WORK ORDER: Reproduce the entries that follow precisely, setting aside any images.
[DATASET RECORDS Boundary: Start]
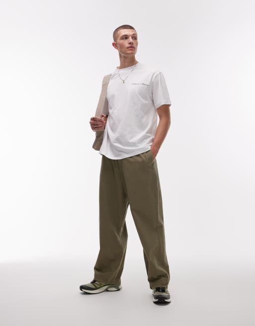 Topman – Locker geschnittene Ripstop-Hose in Khaki
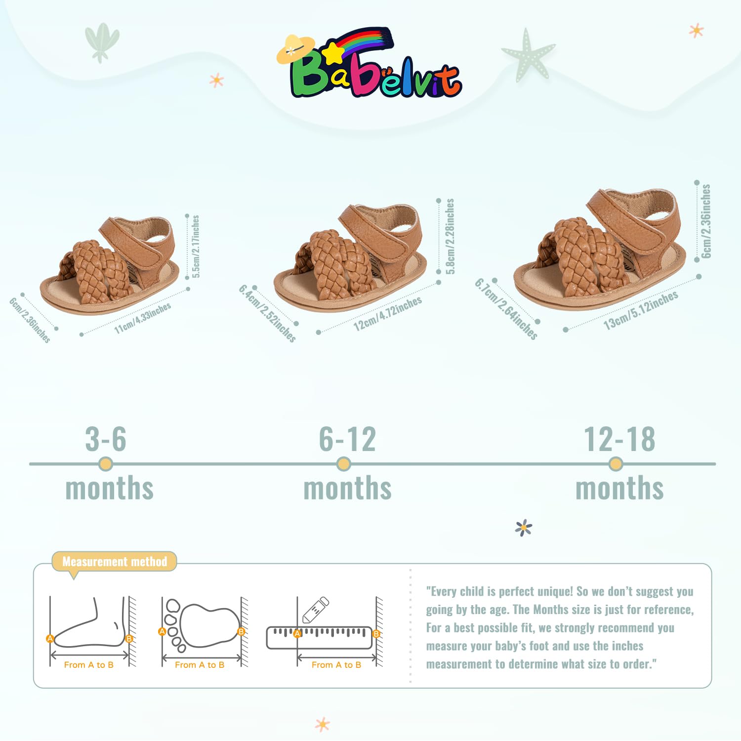 ABOUT SIZE: We love our customer. Please measure the feet, the months age is just for reference, if you measure your baby’s foot then follow our size inches chart they fit great. If your baby has a fatter feet, please buy a size larger. Thanks in advance
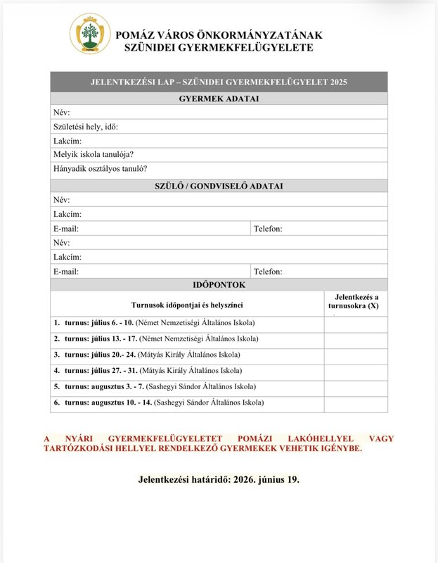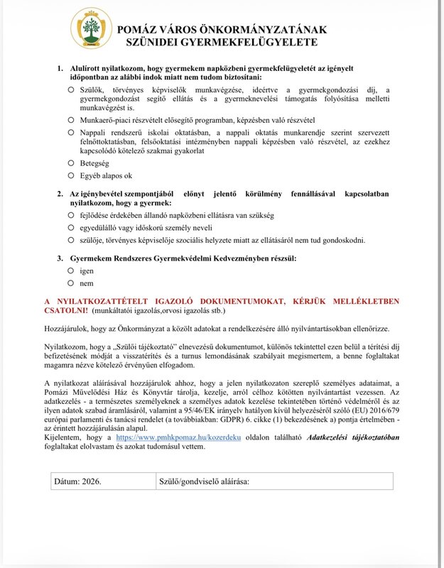 Aki nem csatol igazolást a jelentkezési lap mellé, az legkésőbb június 27-ig küldje meg nekünk a nyarigyermekfelugyeletpomaz@gmail.com email címre, vagy hozza be személyesen a művelődési házba. (2013 Pomáz, Huszár utca 3.) A jelentkezéseket kizárólag hiánytalan dokumentáció esetén tudjuk elfogadni!
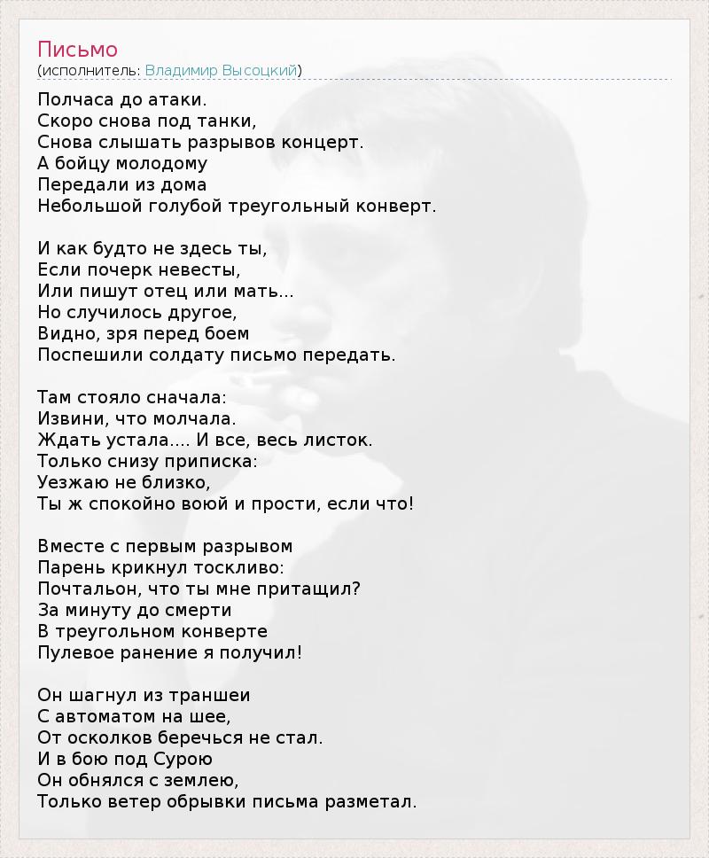 Это интересно:Владимир Семёнович Высоцкий (25 января 1938, Москва — 25 июля 1980) — советский поэт, музыкант, актёр, автор многих сотен песен на собственные стихи. В качестве автора и исполнителя песен собственного сочинения под гитару завоевал широкую популярность. В начале 1960-х годов появились первые песни Высоцкого. Песня «Татуировка», написанная в 1961 году в Ленинграде, многими считается первой. Неоднократно... продолжение
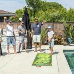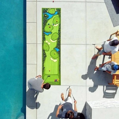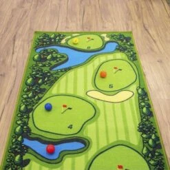 - PREMIUM WOVEN RUG: Rug rolls like a real putting green and features a vibrant golf course design with bunkers, hazards and 6 target greens – easily roll out for setup and roll up for compact storage
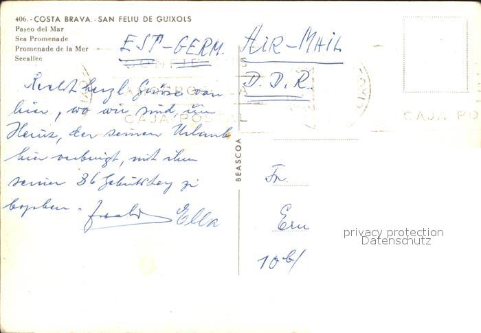 old postcard San Feliu de Guixols Strandpromenade postalisch gelaufen Erhaltung siehe scans
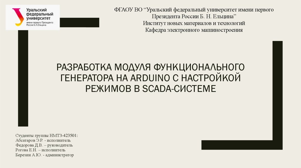 ФГАОУ ВО “Уральский федеральный университет имени первогоПрезидента России Б. Н. Ельцина”
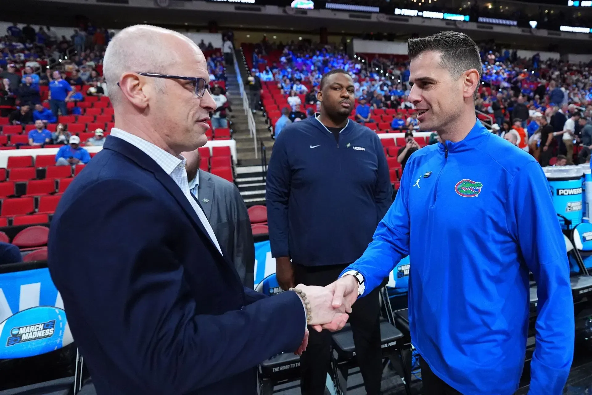UConn coach Dan Hurley (left) and UF's Todd Golden (right) are two of just seven active NCAA coaches with national titles.
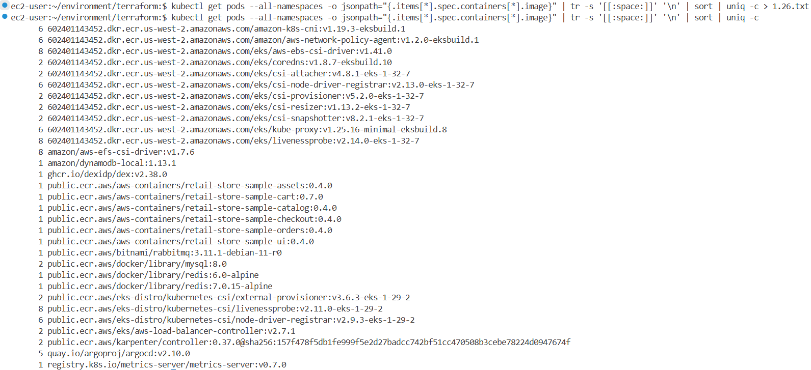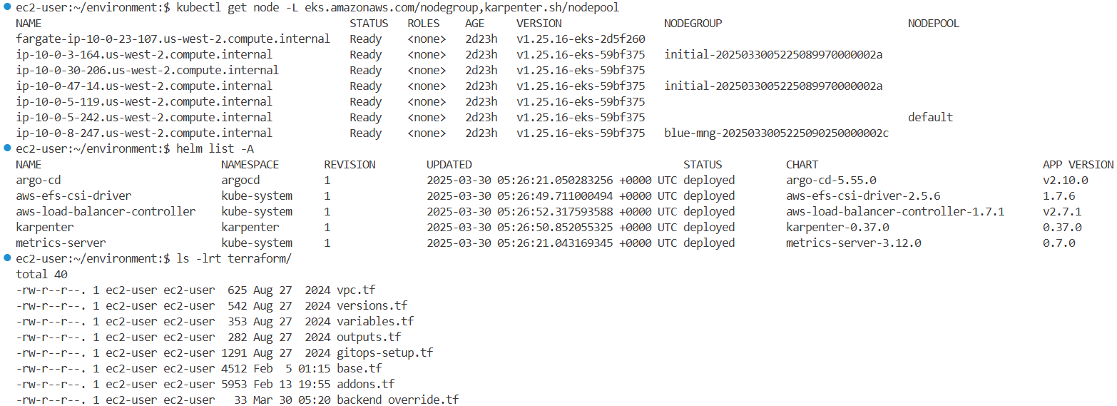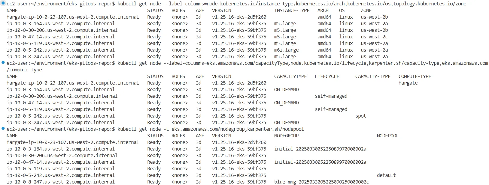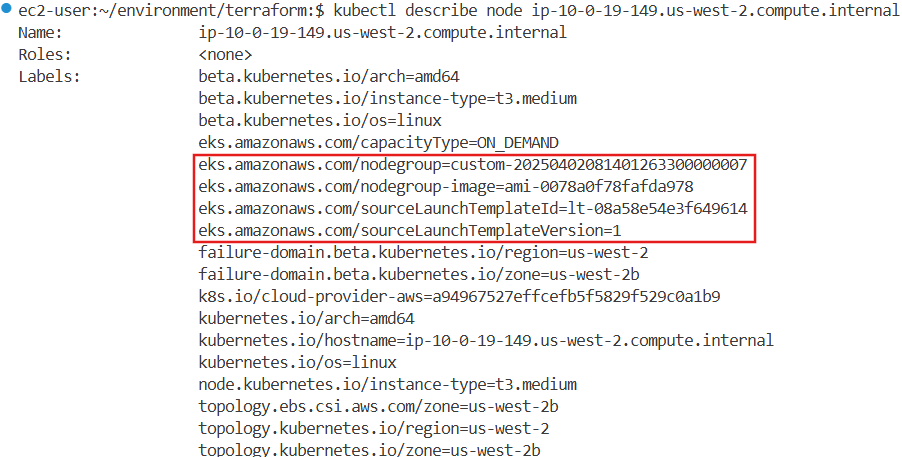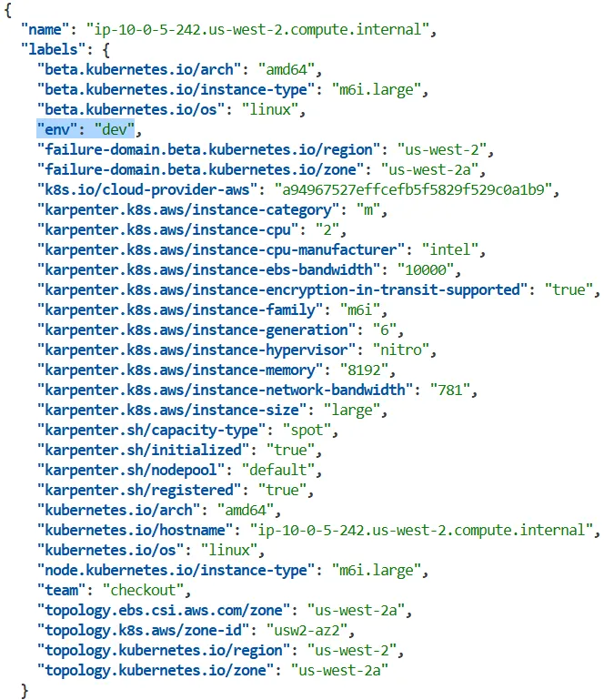ip-10-0-26-119.us-west-2.compute.internal Ready <none> 30h v1.25.16-eks-59bf375 beta.kubernetes.io/arch=amd64,beta.kubernetes.io/instance-type=m5.large,beta.kubernetes.io/os=linux,failure-domain.beta.kubernetes.io/region=us-west-2,failure-domain.beta.kubernetes.io/zone=us-west-2b,k8s.io/cloud-provider-aws=a94967527effcefb5f5829f529c0a1b9,kubernetes.io/arch=amd64,kubernetes.io/hostname=ip-10-0-26-119.us-west-2.compute.internal,kubernetes.io/os=linux,node.kubernetes.io/instance-type=m5.large,node.kubernetes.io/lifecycle=self-managed,team=carts,topology.ebs.csi.aws.com/zone=us-west-2b,topology.kubernetes.io/region=us-west-2,topology.kubernetes.io/zone=us-west-2b
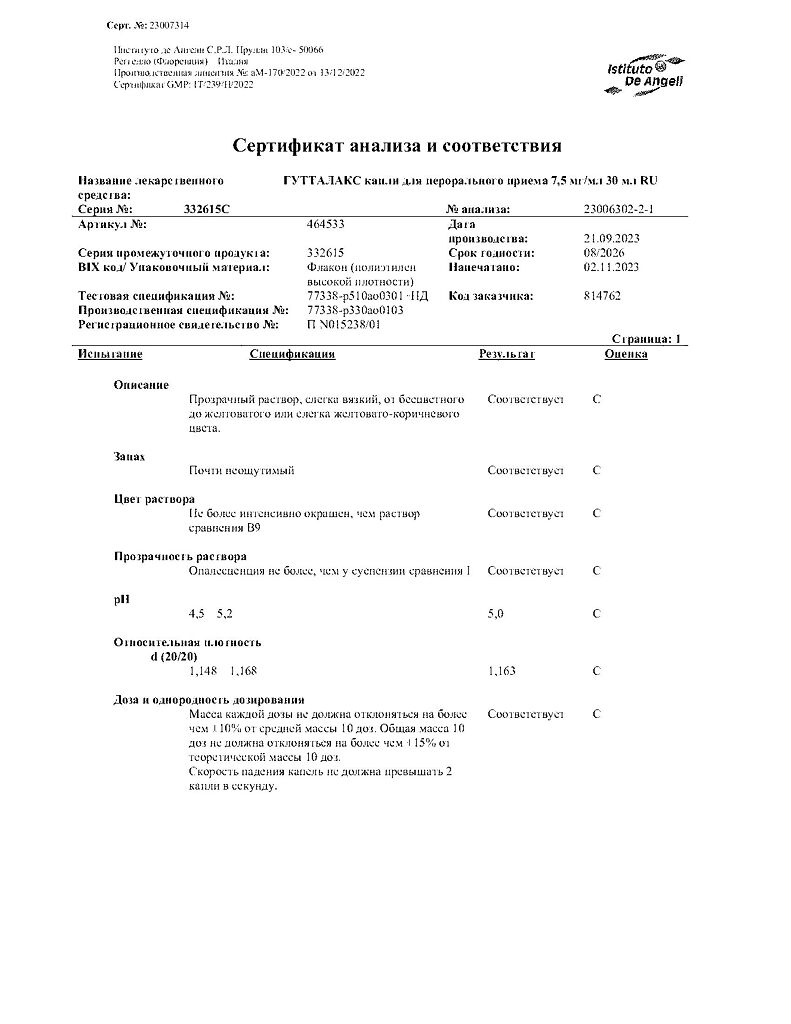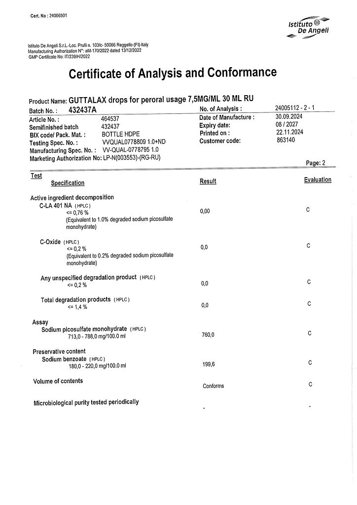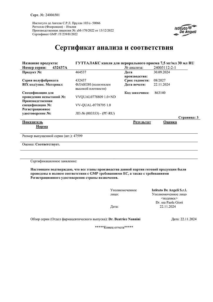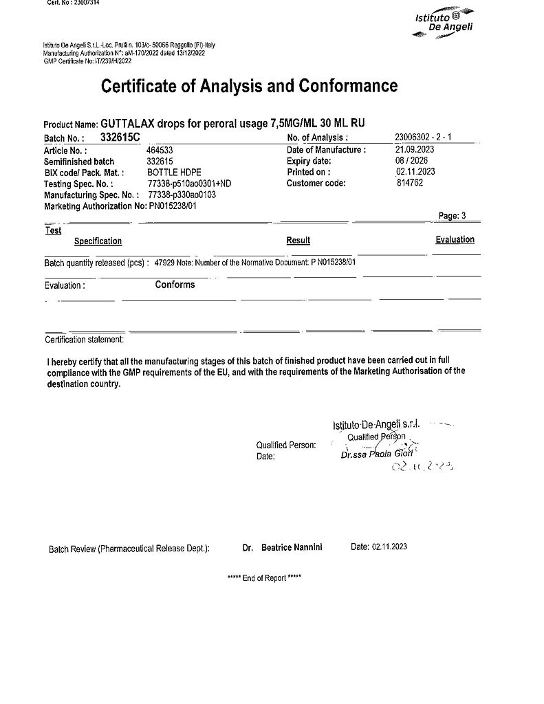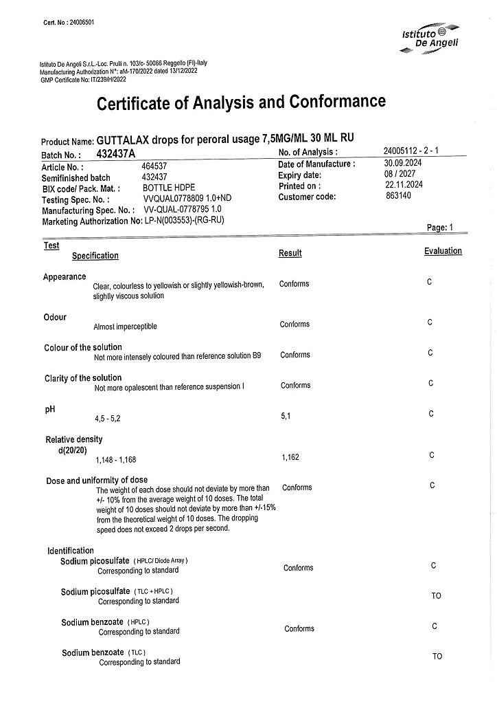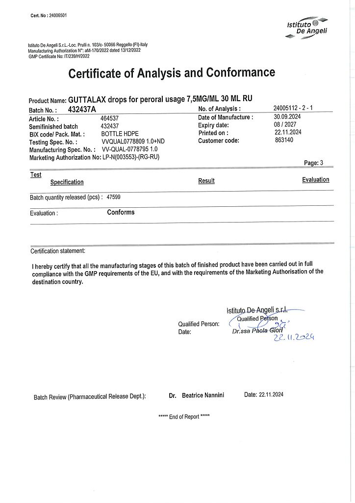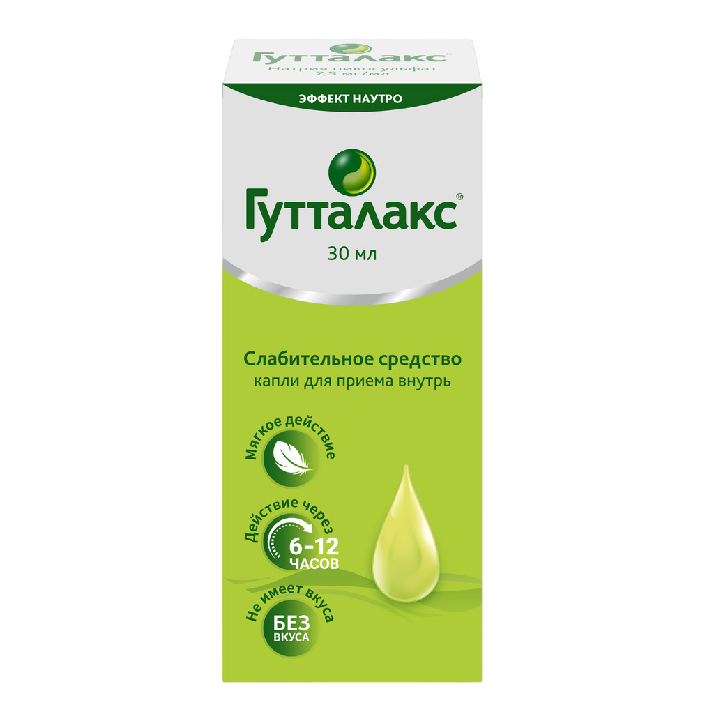 Гутталакс - слабительный препарат. Действующее вещество - натрия пикосульфат - представляет собой слабительное триарилметановой группы.
[DATASET RECORDS Boundary: End]
ANSWER BOX:
 Topman – Locker geschnittene Ripstop-Hose in Khaki
 ABOUT SIZE: We love our customer. Please measure the feet, the months age is just for reference, if you measure your baby’s foot then follow our size inches chart they fit great. If your baby has a fatter feet, please buy a size larger. Thanks in advance
 Aki nem csatol igazolást a jelentkezési lap mellé, az legkésőbb június 27-ig küldje meg nekünk a nyarigyermekfelugyeletpomaz@gmail.com email címre, vagy hozza be személyesen a művelődési házba. (2013 Pomáz, Huszár utca 3.) A jelentkezéseket kizárólag hiánytalan dokumentáció esetén tudjuk elfogadni!
 Это интересно:Владимир Семёнович Высоцкий (25 января 1938, Москва — 25 июля 1980) — советский поэт, музыкант, актёр, автор многих сотен песен на собственные стихи. В качестве автора и исполнителя песен собственного сочинения под гитару завоевал широкую популярность. В начале 1960-х годов появились первые песни Высоцкого. Песня «Татуировка», написанная в 1961 году в Ленинграде, многими считается первой. Неоднократно... продолжение
 - PREMIUM WOVEN RUG: Rug rolls like a real putting green and features a vibrant golf course design with bunkers, hazards and 6 target greens – easily roll out for setup and roll up for compact storage
 old postcard San Feliu de Guixols Strandpromenade postalisch gelaufen Erhaltung siehe scans
 ФГАОУ ВО “Уральский федеральный университет имени первогоПрезидента России Б. Н. Ельцина”
UConn coach Dan Hurley (left) and UF's Todd Golden (right) are two of just seven active NCAA coaches with national titles.
ip-10-0-26-119.us-west-2.compute.internal Ready <none> 30h v1.25.16-eks-59bf375 beta.kubernetes.io/arch=amd64,beta.kubernetes.io/instance-type=m5.large,beta.kubernetes.io/os=linux,failure-domain.beta.kubernetes.io/region=us-west-2,failure-domain.beta.kubernetes.io/zone=us-west-2b,k8s.io/cloud-provider-aws=a94967527effcefb5f5829f529c0a1b9,kubernetes.io/arch=amd64,kubernetes.io/hostname=ip-10-0-26-119.us-west-2.compute.internal,kubernetes.io/os=linux,node.kubernetes.io/instance-type=m5.large,node.kubernetes.io/lifecycle=self-managed,team=carts,topology.ebs.csi.aws.com/zone=us-west-2b,topology.kubernetes.io/region=us-west-2,topology.kubernetes.io/zone=us-west-2b
 Гутталакс - слабительный препарат. Действующее вещество - натрия пикосульфат - представляет собой слабительное триарилметановой группы.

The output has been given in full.